Most medicines probably produce their peculiar effects by operating on the vital properties of the system, or of the part affected. Of the nature of this action we are quite ignorant, and must remain so until the nature of life itself is better understood. In the present state of our knowledge, all that we can say is, that living structure is endowed with certain susceptibilities, and medicines with certain properties, or powers, through which, when the two are brought together, certain changes of condition or action take place in the former. The medicine is said to act, and the living structure to be acted on, because it is in the latter that the changes are most obvious, and most interesting. This kind of operation is called physiological, or vital, in reference to the character of the effects produced in the system, and dynamic, in reference to the supposed possession of an active power by the medicine. We may speculatively ascribe the results to physical or chemical reaction; but this explanation is, in the great majority of instances, destitute of the shadow of proof, and is indeed altogether insufficient, with our existing knowledge of physics and chemistry, to account for many of the phenomena. Until, therefore, further light is obtained, it is safest to be content with the mere statement of the fact.*

When medicines are introduced into the system, they generally show a tendency to act on some one part, or set of parts, preferably to others, and not unfrequently act on these parts exclusively. Thus, some medicines operate more especially on the brain, others on the heart, others on the stomach and bowels, and others again on some one or more of the secretory organs, though equally in contact with the parts unaffected as with those upon which they act. This tendency is ascribable to the peculiar constitution of the several parts of the system, giving them peculiar susceptibilities; just as the eye alone is sensible to light, and the organs of smell and taste to odours and sapid substances. A medicine, therefore, entering the circulation, and reaching all parts of the system, on such parts only as are so constituted as to be susceptible to its influence; as light, though falling on the whole surface of the body, produces its characteristic impression only upon the eye. The chemists explain this peculiar direction of medicines by the supposition, that it is only in the organs affected that they find affinities capable of being disturbed by their presence.

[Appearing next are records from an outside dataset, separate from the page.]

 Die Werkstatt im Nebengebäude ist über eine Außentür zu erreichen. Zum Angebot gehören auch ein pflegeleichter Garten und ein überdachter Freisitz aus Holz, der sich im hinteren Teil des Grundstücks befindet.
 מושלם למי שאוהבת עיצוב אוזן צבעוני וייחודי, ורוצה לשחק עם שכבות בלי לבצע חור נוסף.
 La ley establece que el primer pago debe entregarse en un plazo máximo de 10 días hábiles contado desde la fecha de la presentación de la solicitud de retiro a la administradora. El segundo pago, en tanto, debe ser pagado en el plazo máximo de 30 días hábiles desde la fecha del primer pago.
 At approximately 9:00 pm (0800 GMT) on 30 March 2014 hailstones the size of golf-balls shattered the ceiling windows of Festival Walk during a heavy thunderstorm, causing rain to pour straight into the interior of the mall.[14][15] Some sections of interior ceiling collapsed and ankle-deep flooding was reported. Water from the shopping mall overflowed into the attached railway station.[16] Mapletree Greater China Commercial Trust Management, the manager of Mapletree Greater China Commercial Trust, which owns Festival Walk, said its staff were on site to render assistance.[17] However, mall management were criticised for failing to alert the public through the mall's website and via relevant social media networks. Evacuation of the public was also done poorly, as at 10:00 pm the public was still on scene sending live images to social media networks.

* Much has been said of late of another mode of action of medicines, based on their influence upon the function of nutrition; some being supposed to act. by in-ovearing that function, others by diminishing it. Of course, medicines which stimulate or depress the functions generally must stimulate or depress nutrition, as they affect other functions; and there may be some whose special tendency is to act upon nutrition; but the resulting changes are effects of the medicines and not their method of action. The question arises, how do they increase or diminish nutrition? and we are then brought back to the chemical or physiological theory. (Note to the third edition).

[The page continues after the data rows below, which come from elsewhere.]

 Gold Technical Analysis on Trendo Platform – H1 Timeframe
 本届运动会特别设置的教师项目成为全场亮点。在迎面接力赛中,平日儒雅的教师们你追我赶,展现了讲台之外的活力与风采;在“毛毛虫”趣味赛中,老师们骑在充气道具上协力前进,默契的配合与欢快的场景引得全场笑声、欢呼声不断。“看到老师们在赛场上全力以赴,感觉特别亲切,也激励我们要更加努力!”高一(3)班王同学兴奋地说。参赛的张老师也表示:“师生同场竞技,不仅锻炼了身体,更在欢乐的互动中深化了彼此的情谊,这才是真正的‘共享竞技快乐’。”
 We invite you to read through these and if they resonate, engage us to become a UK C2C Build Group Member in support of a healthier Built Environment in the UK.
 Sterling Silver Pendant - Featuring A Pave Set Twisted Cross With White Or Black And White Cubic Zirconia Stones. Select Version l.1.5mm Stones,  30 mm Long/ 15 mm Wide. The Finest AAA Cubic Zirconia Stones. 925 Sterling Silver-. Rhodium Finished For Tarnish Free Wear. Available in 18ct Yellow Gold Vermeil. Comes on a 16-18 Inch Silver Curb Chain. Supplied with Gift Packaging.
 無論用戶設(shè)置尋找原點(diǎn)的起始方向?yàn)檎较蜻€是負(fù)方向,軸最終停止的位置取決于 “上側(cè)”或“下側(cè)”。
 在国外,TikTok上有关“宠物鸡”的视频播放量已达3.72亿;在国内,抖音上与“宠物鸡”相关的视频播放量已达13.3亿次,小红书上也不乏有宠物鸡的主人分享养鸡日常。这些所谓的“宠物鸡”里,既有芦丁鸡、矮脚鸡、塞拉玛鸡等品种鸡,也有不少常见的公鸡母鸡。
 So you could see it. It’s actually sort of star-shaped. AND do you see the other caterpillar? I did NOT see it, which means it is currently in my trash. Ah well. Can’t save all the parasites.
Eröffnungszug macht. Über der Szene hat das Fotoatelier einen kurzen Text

It is not impossible that some medicines may act upon the blood through its vital properties, modifying the condition of the living corpuscles and fibrin, in the same manner as others act upon the living solid tissues. Such medicines may operate exclusively on the blood, producing effects upon the various functions simply through the change effected in that fluid; or they may operate at the same time directly upon the organs. The probability, however, is, that, in the great majority of instances, medicines are merely conveyed by the blood to the part in which their effects are experienced; for otherwise these effects would be more frequently universal, as any change in the blood itself must be felt more or less in all the organs and functions.